Frontrunning Synthetix: a history

As we embark on two new approaches to limit frontrunning I thought it would be valuable to document the history of frontrunning Synthetix. Frontrunning is a thread that has managed to weave its way through our entire journey. Hopefully, understanding how this long standing challenge has been approached by the Synthetix community will provide insights for anyone building in low information environments like DeFi.

First a quick recap of what frontrunning is with respect to Synthetix. Synthetix relies on Chainlink Oracles to update prices to determine the exchange rates for each Synth. Due to constraints on Ethereum it has been possible to trade before an oracle update to produce risk free profit. Frontrunning protection attempts to reduce the likelihood of these kinds of trades.

The first of the two recently proposed solutions to frontrunning came from Andre Cronje, you may have heard of him. This SIP creates an additional exchange function designed for high value cross-asset swaps by adding TWAP Oracles to the Chainlink Oracles in order to detect high volatility. The standard exchange function using Chainlink oracles is retained for the majority of trades. The SIP aims to bypasses fee reclamation, the current mechanism to prevent frontrunning Synthetix.
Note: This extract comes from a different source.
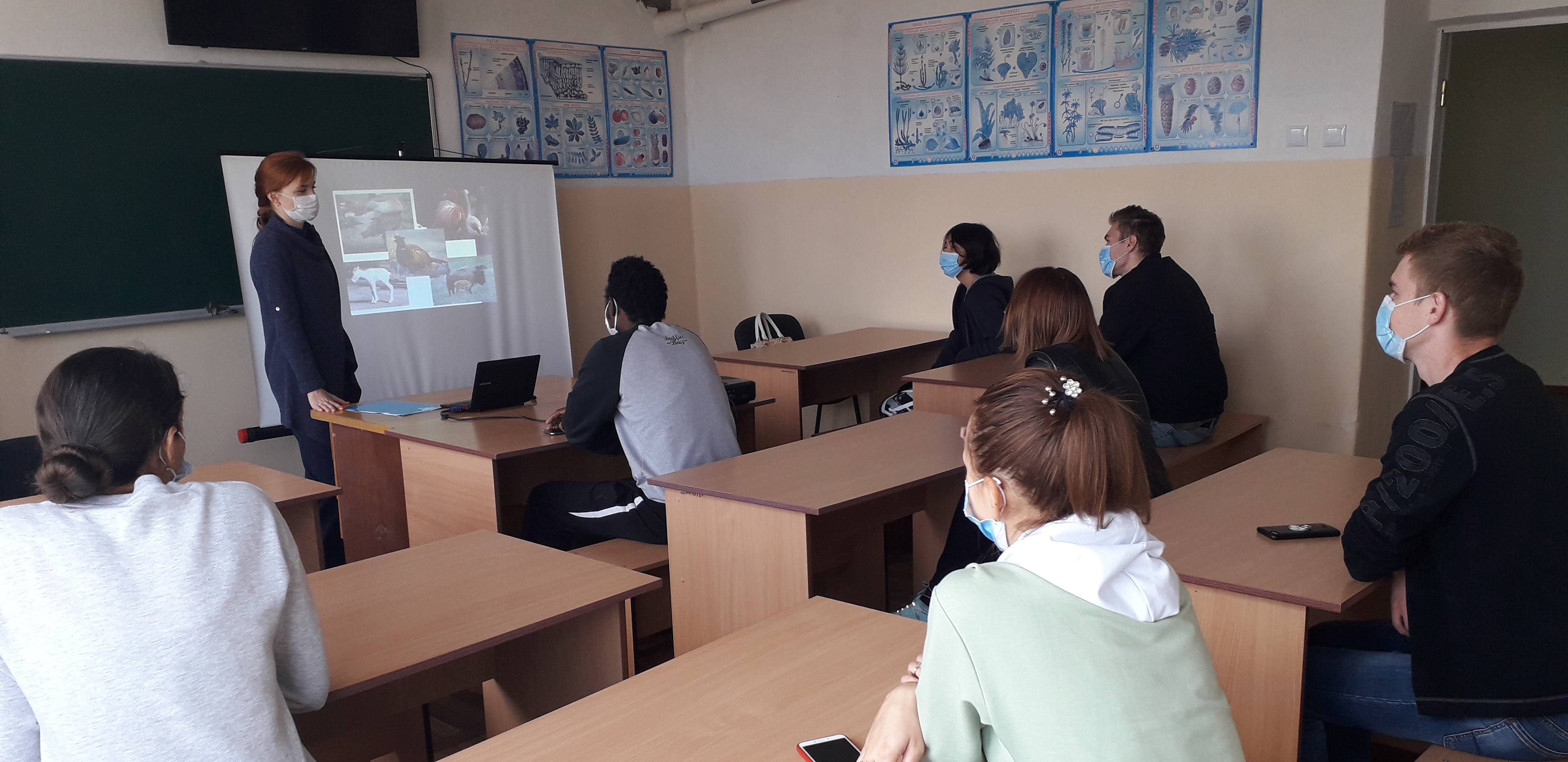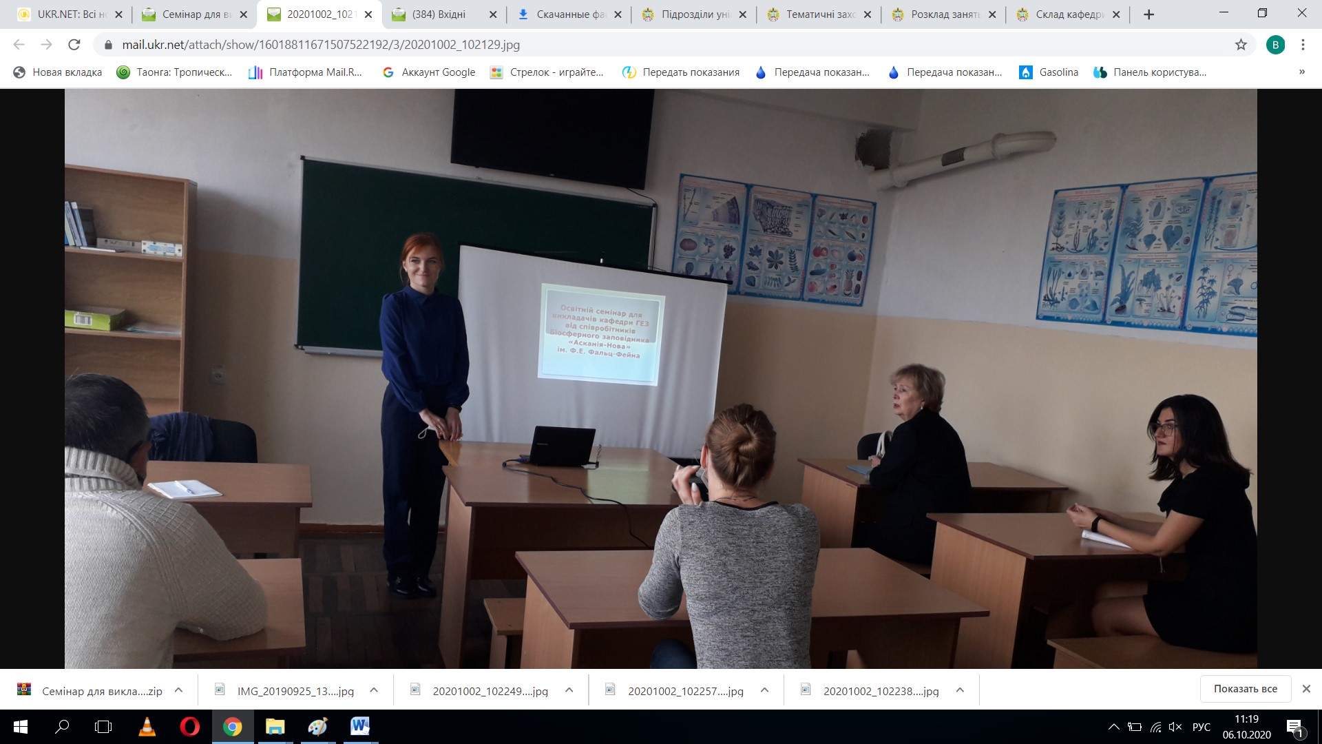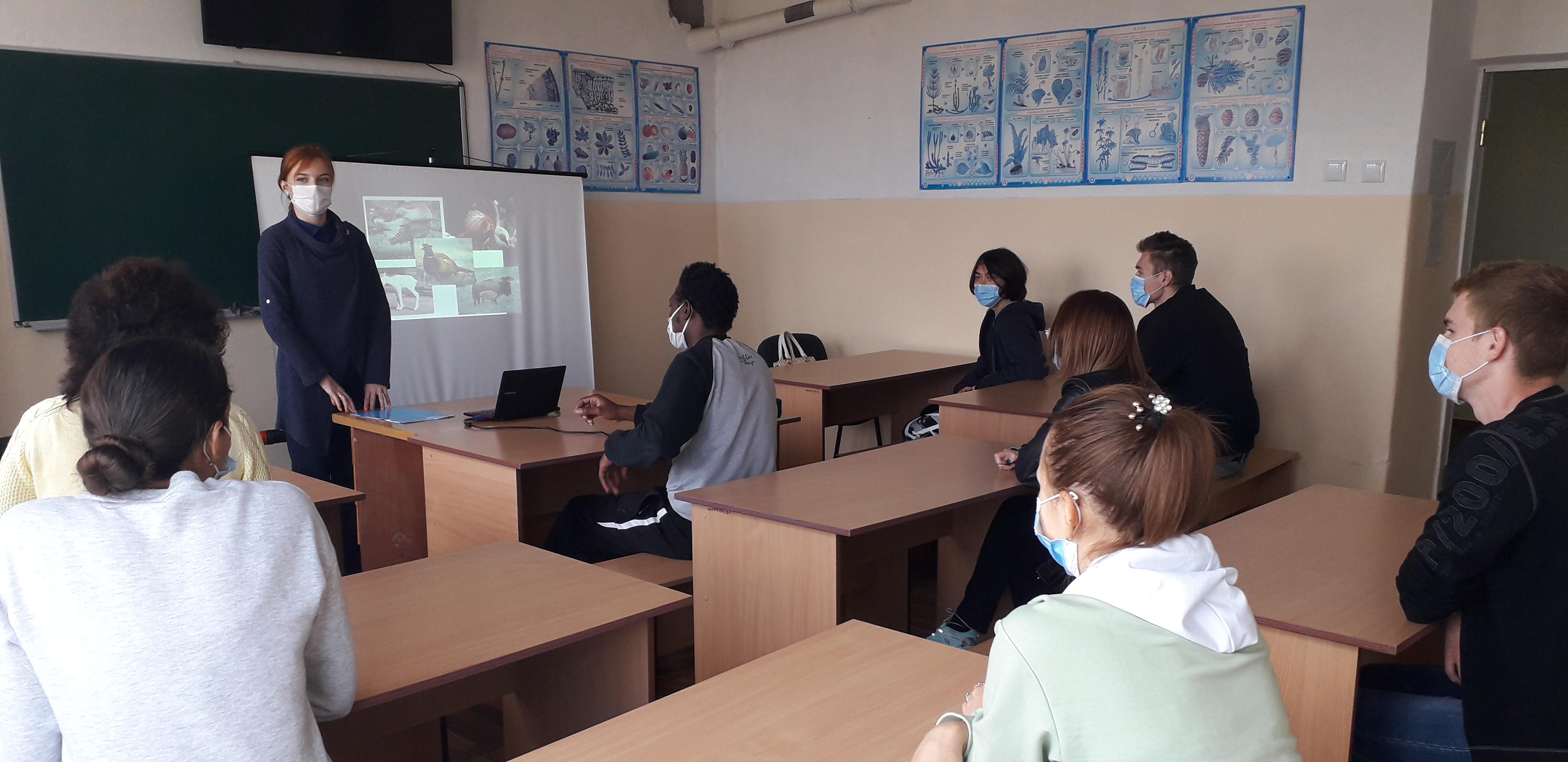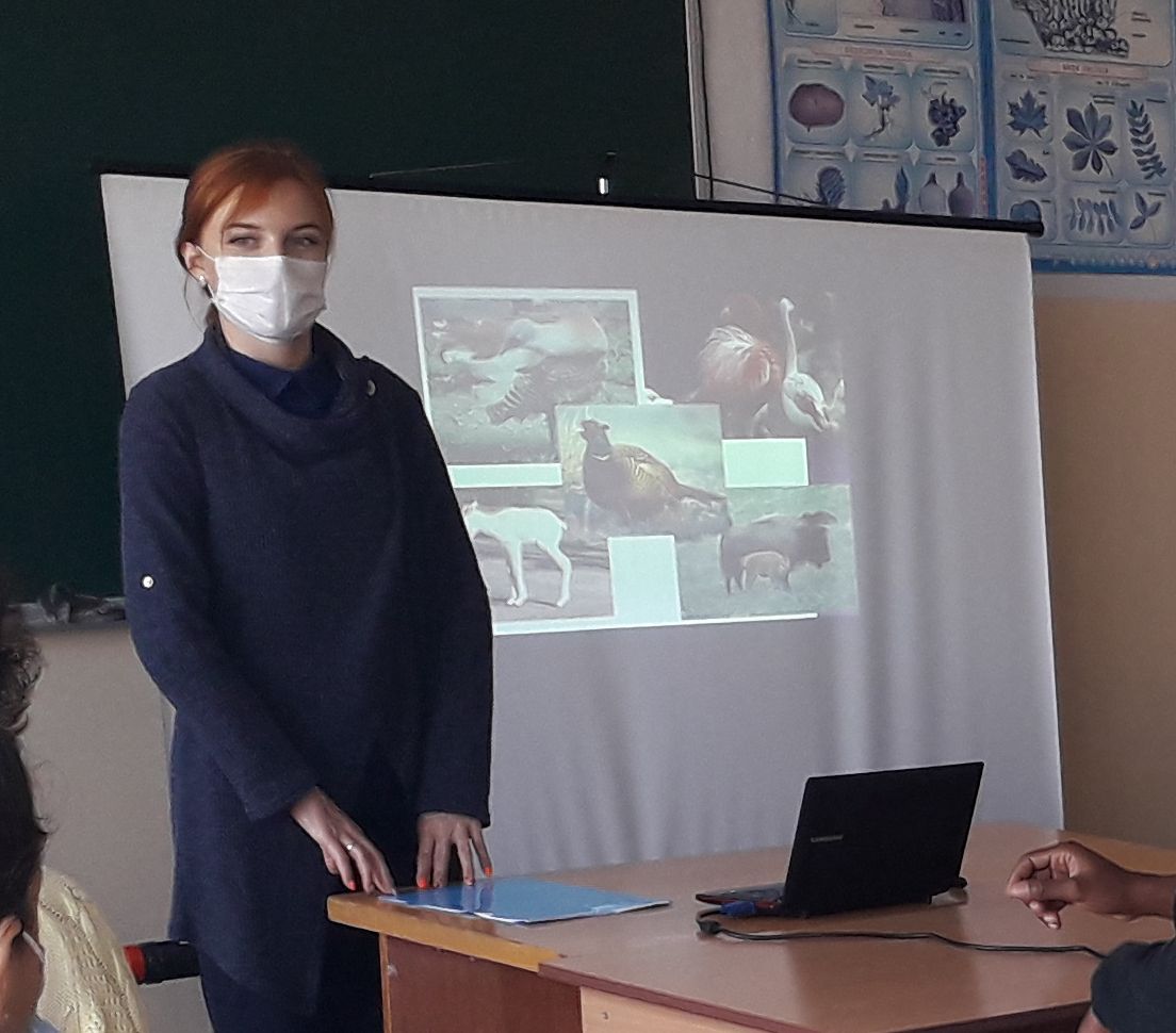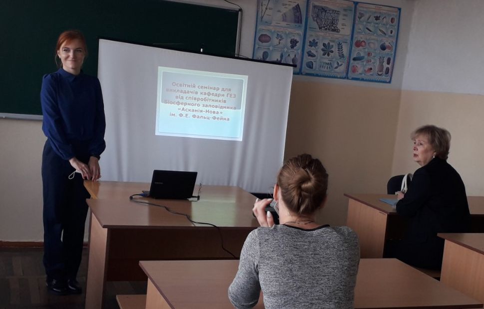 (Випускниця спеціальності, а наразі в.о. молодшого наукового співробітника лабораторії біомоніторингу і заповідного степу Біосферного заповідника “Асканія-Нова” імені Ф.Е. Фальц-Фейна НААН Старовойтова Тетяна Вікторівна проводить освітній семінар для викладачів кафедри та здобувачів освіти)

The second pathway to solving frontrunning is the implementation of exchanges on OΞ (an L2 scaling solution) allowing Chainlink to significantly  lower oracle latency due to the higher throughput on OΞ. Both of these strategies are close to being implemented, but it remains to be seen whether either of them will be successful.

You must, to an extent, suspend disbelief when you embark upon a new project. If you looked at the problem with a lucid perspective you would likely never start anything at all. Almost anything worth doing is going to be more challenging than you could have imagined at the outset. The impetus to start at all necessitates a level of naivete. That said once you have started and begin to run into the hard problems, you must be prepared to deeply interrogate them to identify the best path forward. Because new things are highly path dependent, an early decision can send you down a path that takes years to wend its way back to the optimal route. This is what happened with frontrunning and Synthetix. A single bad decision has reverberated down through the years even today. Needless to say had we realised the extent to which frontrunning would plague us we may have discarded the original mechanism entirely. Sadly this Su Zhu article was about three years too late!

To begin, let’s go back to late 2018, a time when many people felt like the crypto world was coming to an end, in spite of this the remaining members of the Synthetix community were preparing a last stand. This comprised a number of different strategies, but for the sake of this post, let’s focus on the pivot from a USD denominated stablecoin payment network to a derivatives trading platform. While this change was hinted at in the original whitepaper published in 2017, the actual mechanism was not described. This was primarily due to the fact that we had no fucking clue how to implement it back then. The latter part of 2018 I was fixated on solving a number of implementation challenges with respect to how to measure on-chain a fluctuating pool of synthetic assets we proposed to build. It was actually the solution to how to assign a portion of the global debt to a specific user, and calculate this on-chain, that led us off the optimal path into a swamp from which we have still not emerged.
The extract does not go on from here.